The Supreme Court on Monday held that inverted duty refund is admissible only with respect to inputs and not for input services, thus putting to rest the doubts after contradictory views by the High Courts of Madras and Gujarat. However, the apex court pointed to some anomalies in the computation formula for refund and urged the GST Council to look into them.
Impact on many sectors
The decision will have an impact on companies engaged in the manufacture of footwear and textiles as also those in the e-commerce business.
“We affirm the view of the Madras High Court and disapprove of the view of the Gujarat High Court,” a Division Bench of Chief Justice Dhananjaya Y Chandrachud and Justice MR Shah observed, while disposing of a bunch of 14 petitions.
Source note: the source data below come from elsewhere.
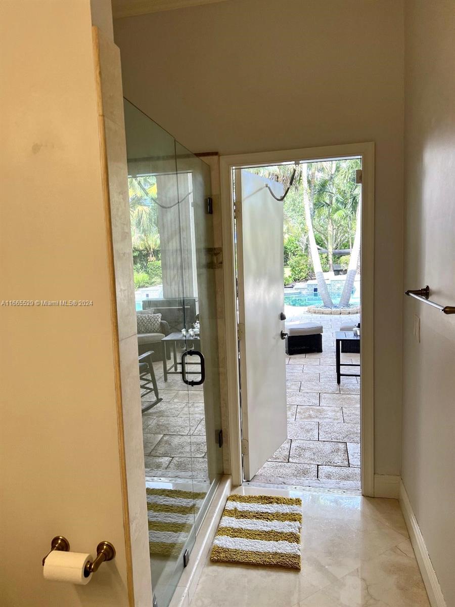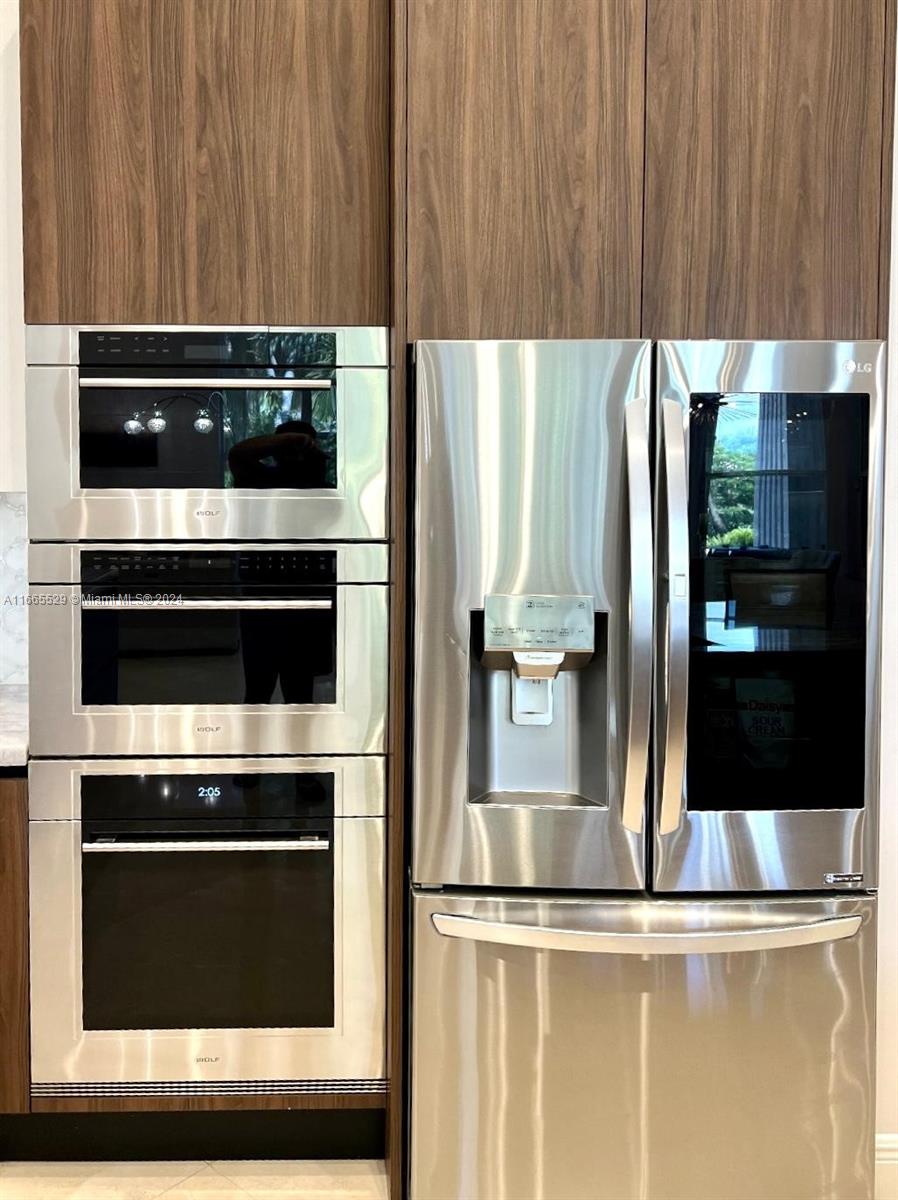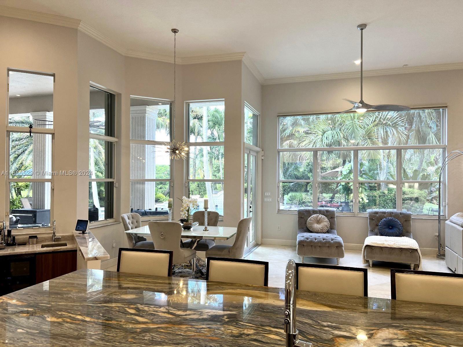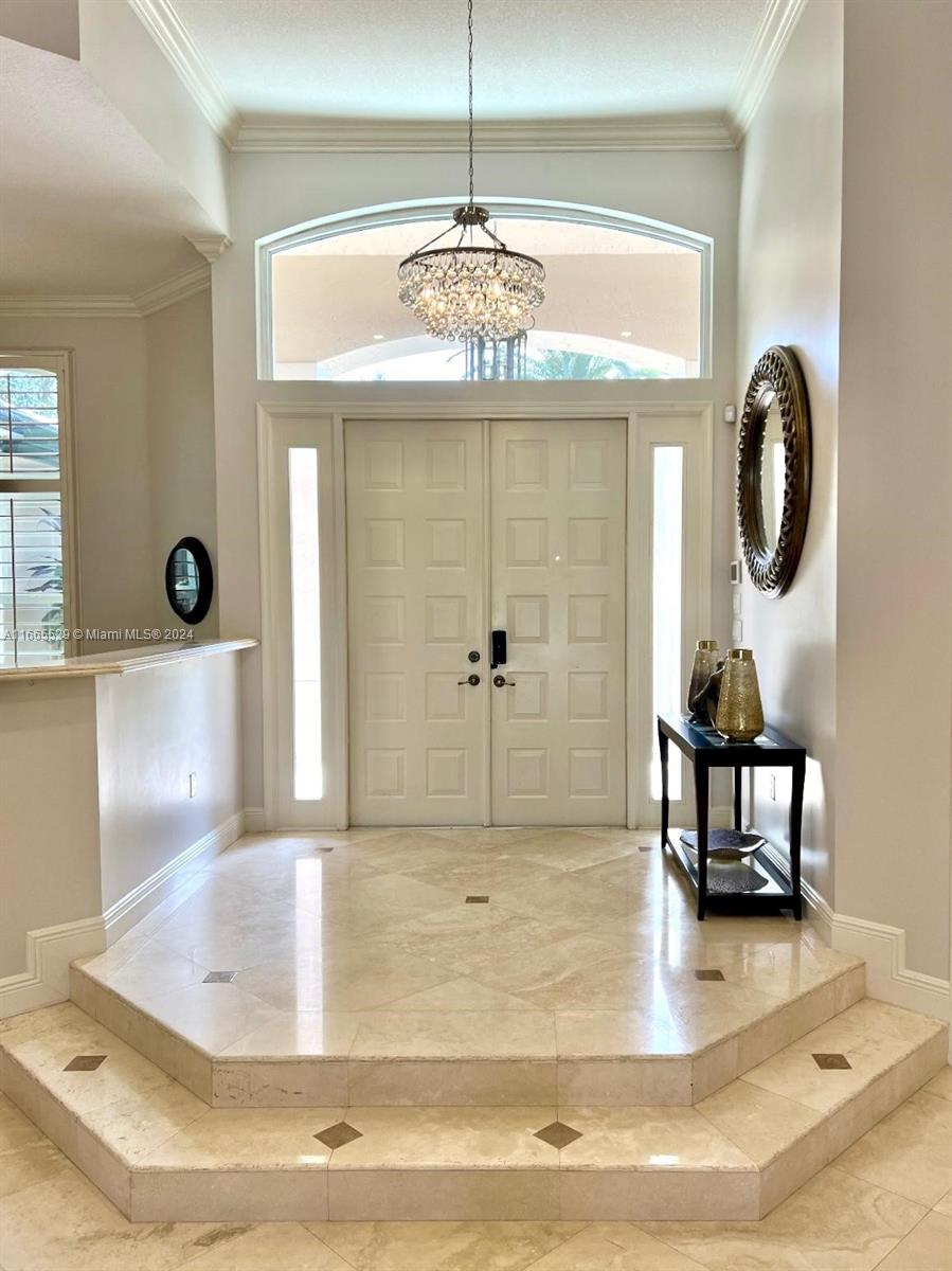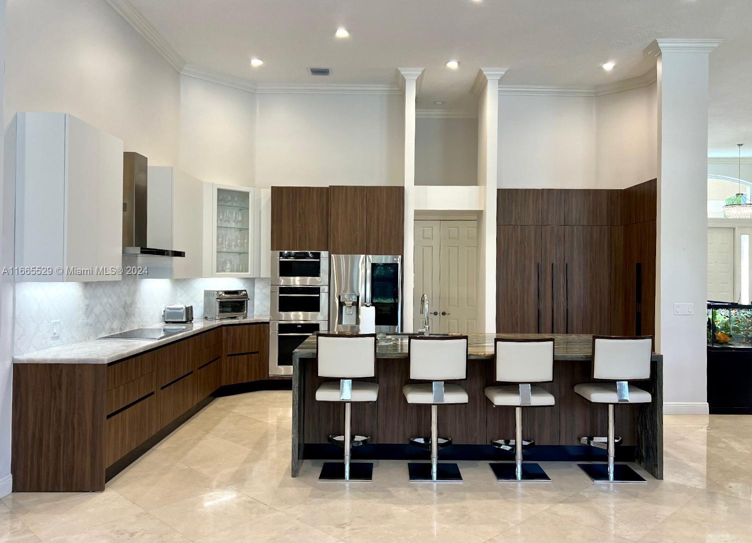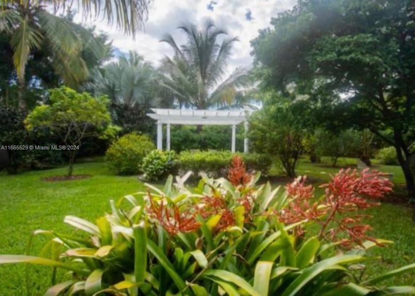 This amazing home is located on 1 1/2 acre water lot with palms & fruit trees. It has a circular paved driveway, with 3 car garage, split floor plan & 15ft high ceilings. The best fixtures are the new kitchen, designed by Mia Cucina & Wolf appliances; roof from 2024, new main electrical panel from 2023, 3 AC from 2023, impact windows & shutter combination & the last generation Tesla charger located in the garage. One of the garages has been converted into a Gym with a Sauna! The entrance leads to the main space, to the left, office & the master bedroom with a modern bathtub & huge walk-in shower. to the right, 3 bedrooms with baths, laundry, gym & garage. The backyard has a lot of potential, enough space for a mini golf and tennis court.
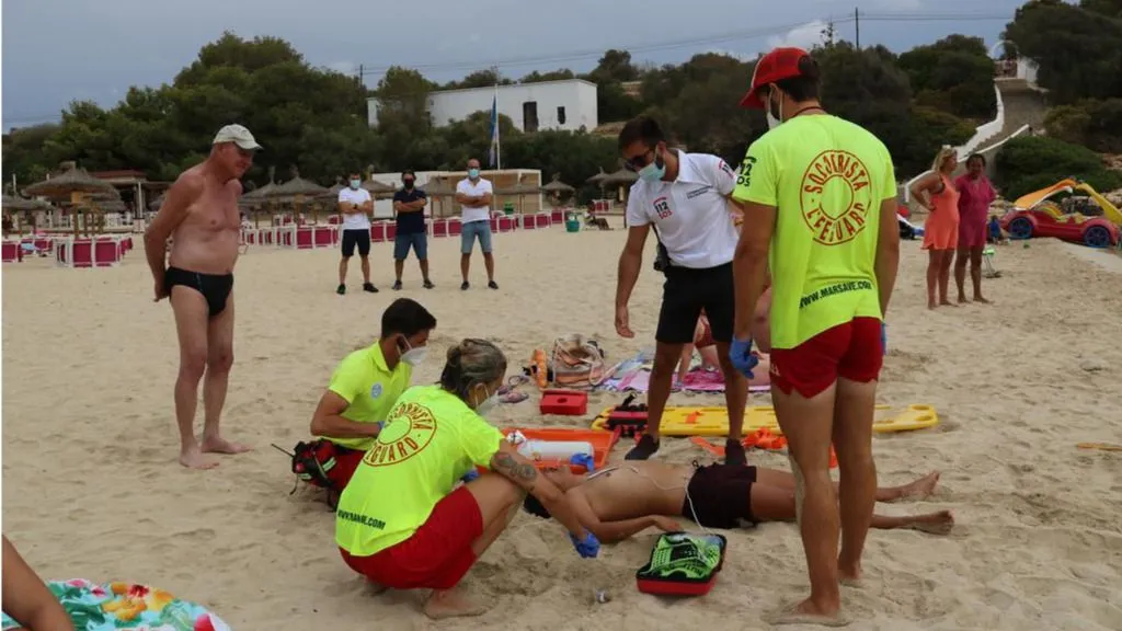 El servicio de socorrismo de la playa de Cala Marçal ha hecho un simulacro donde han intervenido tres socorristas. Uno de ellos ha detectado un bañista que no se movía y ha entrado en el mar para sacarlo. Posteriormente, ya en la arena, se han iniciado maniobras de reanimación con compresiones y ventilaciones.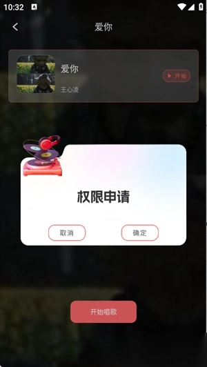 选择想唱的歌曲点击右侧的k歌,点击确定权限申请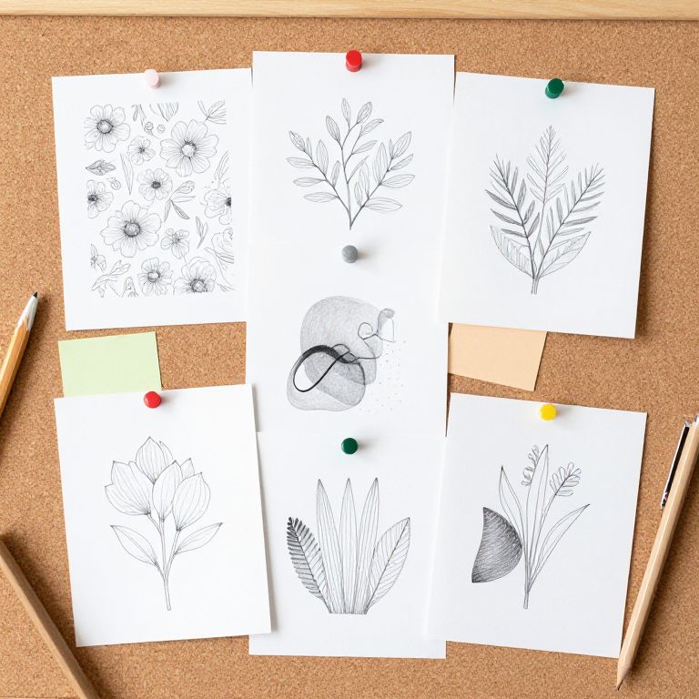 Drawing Pinterest style collage featuring a variety of artistic sketches, including floral patterns, abstract shapes, and delicate line art, arranged aesthetically on a corkboard with pinned colorful notes and art supplies scattered around, soft natural lighting.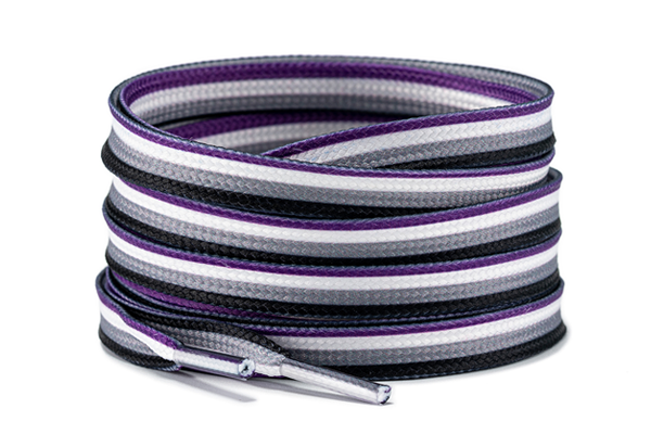 Our shoelaces are a great way to show your support and pride for the LGBTQ+ community. These vibrant laces feature the colours of the asexual flag, making them a great choice for representing the queer community or for expressing your own identity. Shoelaces are a fun and easy way to add a colourful pop of pride to any pair of shoes, so get yourself a pair of our Asexual Shoelaces and start showing your support for the LGBTQ+ community today.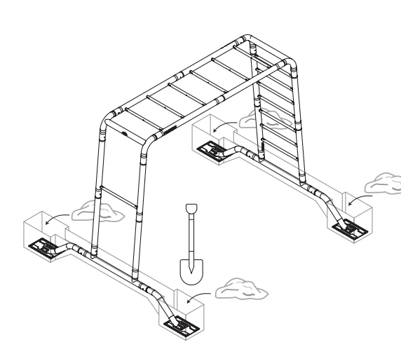 Die Basis dieses Konzepts ist der starke und robuste Rahmen. Er hat ein modernes und Minimalistisches Design und ist mit einer patentierten Röhrenverbindung ausgestattet. Das Ganze ist stabil in den Boden eingelassen und bildet so eine solide Basis für diverse Anwendungen. Entscheide selbst, ob du lieber die 380 cm breite Large-Variante oder die 285 cm breite Medium-Variante nimmst. Tiefe und Höhe der beiden Rahmen sind gleich. Nämlich 100 cm tief und 245 cm hoch. Für die Seiten des Rahmens kannst du entweder eine Treppe oder eine Reckstange wählen, oder auch eine Kombination aus beiden.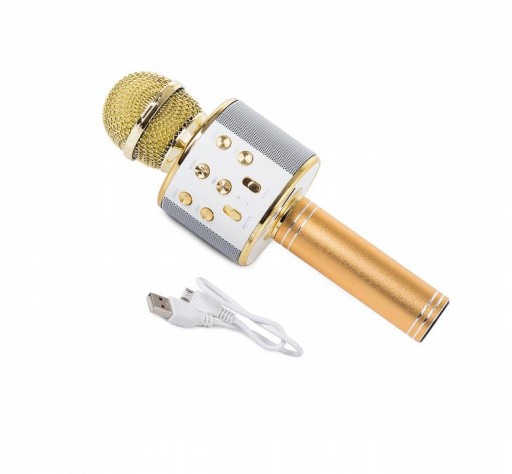 Mikrofon KARAOKE- złoty - głośnik bluetooth, modulator głosu

The Gujarat High Court had held that refund of input services was admissible while the Madras High Court had ruled against it. The apex court upheld the amendments made to Rule 89 (5), restricting such refund only for inputs and said that it is not ultra vires of Section 54 of the GST Act. It also observed that the intention of the government is to grant such credit only for inputs and the Court cannot enter into the policy domain of the government and direct the sanction of refund for input services also.
According to experts, though there will be an impact, the ruling has not closed options for the players.
On behalf of intervenors, G Natarajan, an advocate from Chennai, made an alternative plea before the Supreme Court that the input services credit must first be allowed to be used to pay tax on the inverted rated supplies though the formula mandates the entire tax liability is paid only out of input credit, so as to keep the refund entitlement to the minimum. The Court observed that “In making such an assumption the formula tilts the balance in favour of the Revenue by reducing the refund granted. We are equally cognizant of the fact that the proposed solution, that is, prescribing an order of utilisation of the ITC accumulated on input services and inputs, may tilt the balance entirely in favour of the assesses.”
Further, it strongly urged the GST Council to reconsider the formula and take a policy decision on it.
Tushar Aggarwal, Founder Partner, Tattvam Advisors, said: “The decision will impact footwear, solar power, textile, EPC and various other industries that are under the inverted duty structure and have substantial ITC of input services.”
Will end litigations
Aditya Singhania, Founder, Singhania’s GST Consulatncy & Co, said that the verdict puts an end to the litigation that were arising pan-India seeking refund on input services also. Yet, it’s not a dead loss for taxpayers as the credit remains alive in their credit ledger.
Though the judgment gives the GST Council the room to relook the formula prescribed under Rule 89(5), to propose a mechanism by which the ITC on input services, otherwise not eligible for refund, is utilised first even while reducing the tax payable on the inverted rated supply of goods and services. “However, it appears that unless such a mechanism comes into place, the ruling will have some influence on the prices to the end-consumers as the GST on these input services seems to get offloaded on the end-consumers,” he said.